=> he needed a kind of decision game so that at any moment, only one decider was going to decide upon the consensus, that is, the full list of accepted past valid transactions. As he didn't want (at first) a central authority, he needed a LOTTERY BETWEEN PARTICIPANTS.
Please stop trying to pretend you know anything.
We can attain consensus without relying on only one decider. One decider happens to work well for the system Satoshi designed, but it isn't the only way to design a consensus system with probabilistic finality.
You are just making up handwaving noise to obfuscate that you haven't added anything substantive to my rebuttals.
That's more or less it. I don't think Satoshi's insight went beyond that, but that was already quite something.
Incorrect.
He would also need to deeply understand FLP impossibility theorem and the difference between probabilistic finality and the deterministic finality of Byzantine agreement.
Additionally the game theory economics and Nash equilibrium analysis is essential for understanding if the system will be stable or be a tragedy-of-the-commons. Also for understanding that the failure mode of the system is that it becomes completely centralized in one entity over the very long-term, if it becomes the paramount reserve currency in the world.
Also once you understand that, monetary systems, and finance, he would then understand how Bitcoin is ideal money until it becomes monopoly, then it shifts to 666 totalitarian.
You're not going to totally understand what I am writing because you haven't done the research and you are ignorant about blockchains. Really.
One of the things Satoshi was religious about, visibly, was the fact that there should only be a finite amount of coins in circulation. He must have been influenced by the Austrian school and gold bugs.
Nash's ideal money also qualifies. And Nash's ideal money fits better because
Bitcoin is far superior to gold and thus is an ideal money.
In fact, if he could have put them into circulation right away, most probably he would have preferred that, but as he now needed to emit them by people finding consensus
No he needed a way to market the thing, as this was the first thing of its kind, which means no one would have a reason to invest in it, i.e. the hen and egg dilemma. The genius of distribution via PoW is it invests people and industries into Bitcoin, which creates network effects and who then evangelize it.

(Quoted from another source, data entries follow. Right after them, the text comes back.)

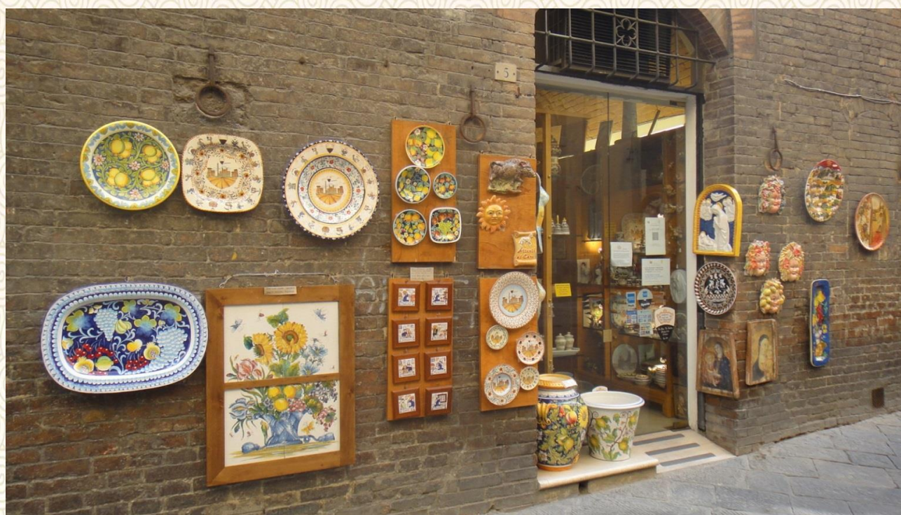
意大利-锡耶纳-艺术品是街道的灿烂

如何利用国内外资源和平台助力游学？面对众多的交流项目如何抉择？进行选择时是否需要考虑自己的专业背景？你的身边有很多待你开发的资源，请不要，将自己封锁在专业的领域之内。教育的问题非教育一家能解，社会更是一盘跨领域、多学科的沙拉。把握国内外机遇，开阔认知问题的视野，在游学中思考，在游历中学习！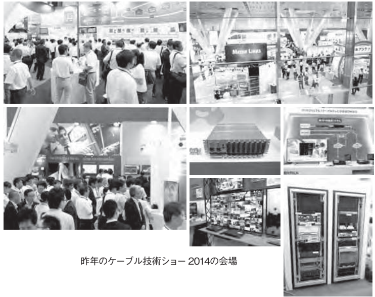
昨年のケーブル技術ショー 2014の会場

6月10日(水)・11日(木)に東京国際フォーラムで開催される「ケーブルコンベンション2015」とその関連イベント「ケーブル技術ショー2015」。今回はFTTH、無線、4K/8Kなどの最新製品や関連セミナーが集結するはずだ。合計69社・65ブースが出展するケーブル技術ショー2015の各出展企業の展示場所が決まった(下記会場図)。本誌では今号と次号7月号の2号にわたって、今年の注目ブースの内容を詳しく紹介する。今号では会場最大の18小間で大規模展示を行うミハル通信の中心となる展示製品と導入事例を掲載した(22~25頁)。(渡辺 元・本誌編集部)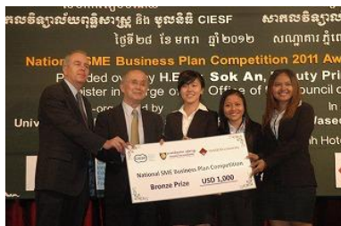
2012年1月に開催されたカンボジアでの第2回ビジネスプランコンテストの表彰式(2位のチーム)

最終選考会&表彰式予定 カンボジア 2013年1月 ミャンマー (T) 2012年10月 ミャンマー (一般事業) 11月9日 年々盛り上がりを見せています。スポンサーはウチサイトや会場で紹介させていただくだけでなく、法人の皆さまはぜひ「検討ください。スポンサー」に関する詳細はCIESFウチサイトからご確認くださいませ。トッパベジ左のバナナからもお入りいただけます。皆さまの参加をお待ちしています！ぜひ一緒に盛り上げましょう。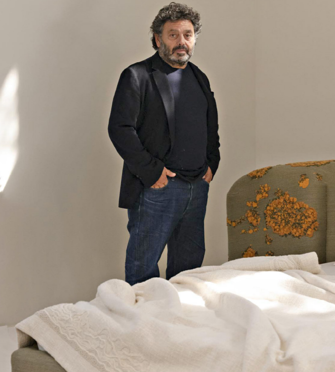
Près de la tour Eiffel, un appartement repensé par l'architecte pour un couple d'amateur d'art. An apartment near the Eiffel Tower, redesigned by the architect for a couple who loves art.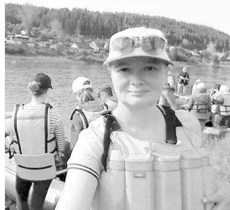
Фото из социальных сетей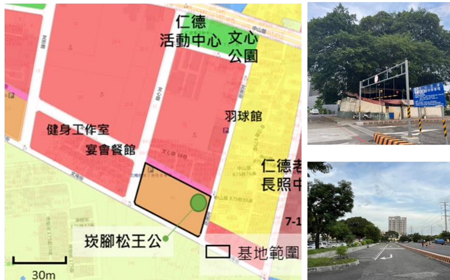
圖 1 本案基地區位示意圖

基地位於臺南市仁德區仁德里，範圍以文心路、文孝路、文善街及文南街所圍塑之街廓，周邊多為商業區，鄰近衛生福利部胸腔病院及仁德綜合轉運站，現況為平面停車場使用。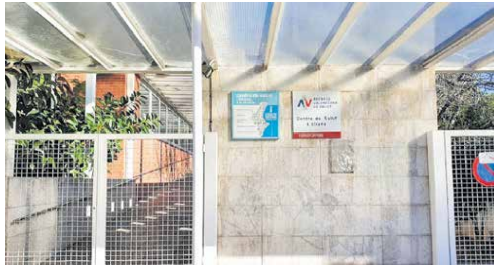
Entrada del Centro de Salud de L'Eliana.

Las recetas nuevas o renovadas se podrán obtener con la tarjeta SIP directamente en cualquier farmacia (sin necesidad de la hoja de receta), los informes y partes de confirmación o bajas podrán recogerse en el mostrador del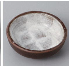
311-41-77H 600円 備前志野 2.5寸丸鉢 7.1×2.4cm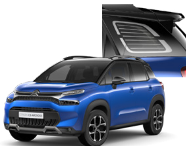
PACK COLOR - ČIERNY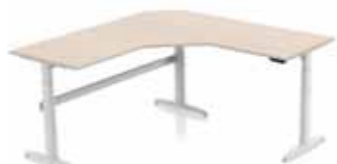
SCHREIBTISCH DELTA SITZ/STEH MEGASPACE 200 X 200 CM T- oder C-Tischbein. Gestell in silber oder weiß. Elektronisch verstellbar 62-128 cm.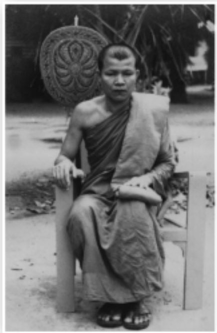
หลวงตามหาบัว ณ วัดป่าสุทธาวาส จ.สกลนคร (ถ่ายเมื่อ ๒๒ พฤษภาคม ๒๕๓๓)

อวิชชา นี้แหลมคมมาก ไม่มีอะไรแหลมคมมากกว่าอวิชชาซึ่งเป็นจุดสุดท้ายว่า ความโลภมันก็หยาบๆ พอเข้าใจและเห็นโทษได้ง่าย แต่โลกยังพอใจกัน โลก คิดดูซิ ความโกรธก็หยาบๆ โลกยังพอใจโกรธ ความหลง ความรัก ความชัง ความเกลียด ความโกรธอะไร เป็นของหยาบๆ พอเข้าใจและเห็นโทษได้ง่าย โลกยังพอใจกัน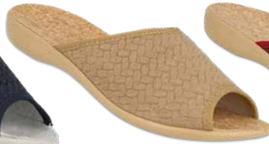
13 | 254D128 36-41 Viki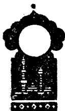
Беш юз ўттиз иккинчи кеча

Қисса шу ерга етганда тонг отди, Шаҳризод ҳикоя айтишни тўхтатди.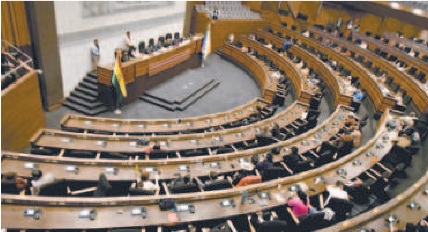
La Asamblea Legislativa paralizó la aprobación de los créditos externos por un monto total de $us 1.667 millones.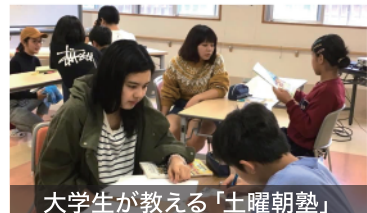
大学生が教える「土曜朝塾」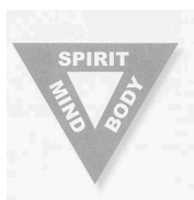
Figura 1. Triângulo vermelho que tornou-se símbolo da YMCA.

Estas diretrizes baseadas no trinômio “corpo”, “mente” e “espírito”, foram mais amplamente difundido como base da instituição a partir de 1891 com a iniciativa do professor Luther Gulick, da YMCA Springfield (EUA) que idealizou o símbolo triangular vermelho apontando as três partes do ser humano: alma, corpo e mente. Este símbolo é mundialmente conhecido como a identificação da YMCA, expressando suas bases de trabalho.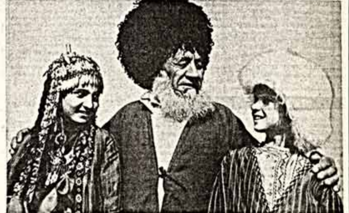
● Президент Туркменистана С. Ниязов: «Я такой же туркмен, как и все». ● Знаменитый ковчего-изант, ялод рукотворного труда прославленных ковчегов Туркменистана. ● Каракумская надобна. ● Студенты Ашхабадского университета — дети разных народов. ● У памятника Махтумжули. ● За добрым советом — и аксакалу.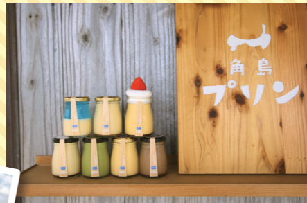
なめらかプリン¥465ほか

下関市豊北町大字神田3588-6 なし 🕒11:00~17:00(土日祝は~18:00予定) ※売り切れ次第終了 📍なし 📍あり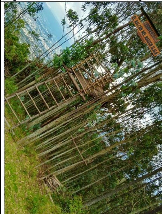
Figura 8. Presunta construcción ilegal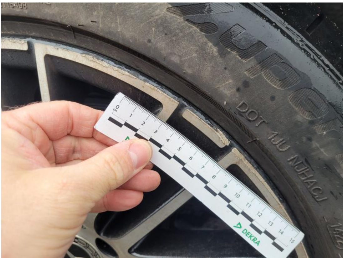
Fot. 42 Felga aluminiowa tylna P - Rysa/odprysk 1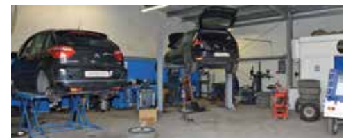
L'atelier de réparation

Notre activité de mandataire va certainement nécessiter la création d'un site internet dédié et je réfléchis également à une boutique en ligne pour les pièces détachées. Nous cherchons toujours plus à nous intégrer dans notre environnement, par exemple nous sommes labellisés « Chimec Environnement » pour le recyclage des huiles et polluants, nous sommes convaincus par l'utilité de la formation en alternance et contribuerons prochainement aux actions de la classe orchestre. A court terme, j'aurai le plaisir d'offrir 10% de réduction sur les réparations durant tout le mois de décembre 2017 aux lecteurs du Fleurines & Vous.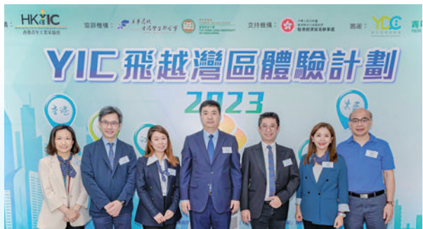
◆「飛越灣區體驗計劃2023」啟動禮上主禮嘉賓合照。

據了解，「飛越灣區體驗計劃2023」獲近一百名香港學生報名參與，經過嚴格的面試遴選，最終選出了12名在內地高校就讀的香港學生於7月11日至8月17日期間到深圳、東莞、中山、廣州、江門等地進行為期四星期的實習。期間，協會特地邀請了香港駐粵經濟貿易辦事處主任蘇惠忠、港區全國人大代表林至穎以及中山市及江門市政府官員代表，分別出席考察期間的不同活動安排，與學生交流互動。

You're analysis is inadequate due to your tunnel vision.
In order to obtain a finite amount of coins at the end of the universe, he needed to diminish rewards ---> simple solution of block reward halvings. In order to reward them in the long term, he needed transaction fees.
In order to limit the coin emission, he needed the lottery to take place only once every 10 minutes, and because he didn't want to rely on real time (in the end, he did!) he invented the scheme of increasing difficulty.
The logical consequence of this was that the economic cost of the PoW at the 10 minute reward was going to rise to be about equal to the market value of the emitted coins. This would lead to totally crazy amounts of PoW, the rise of specialized hardware, and the killing of the original idea of just "a lottery between participants to decide who was going to decide upon consensus next with Sybil mitigation".
Satoshi's idea of having most payments done with bitcoin led him to understand that the block chain as he designed it, would have to grow at 100 GB a day.
You're trying to argue that these facts are contradictory or somehow clunky, but in fact they are a perfect design for what the global elite want from Bitcoin.
You keep trying to frame your argument under the assumption that Satoshi wanted Bitcoin to scale transactions for the masses and that he wanted it to remain decentralized for small miners. But in fact, that is not what the global elite want from Bitcoin.
If you have the wrong perspective, then you can't judge the facts.
Satoshi was paying lip service to things that
the idealistic useful idiots and SJWs wanted to hear, so that Bitcoin could be virally launched into the world. But of course Satoshi doesn't give a fuck about these useful idiots in the long-run. The
modus operandi fingerprints of the elite are right smack in front of your face and you can't even see it.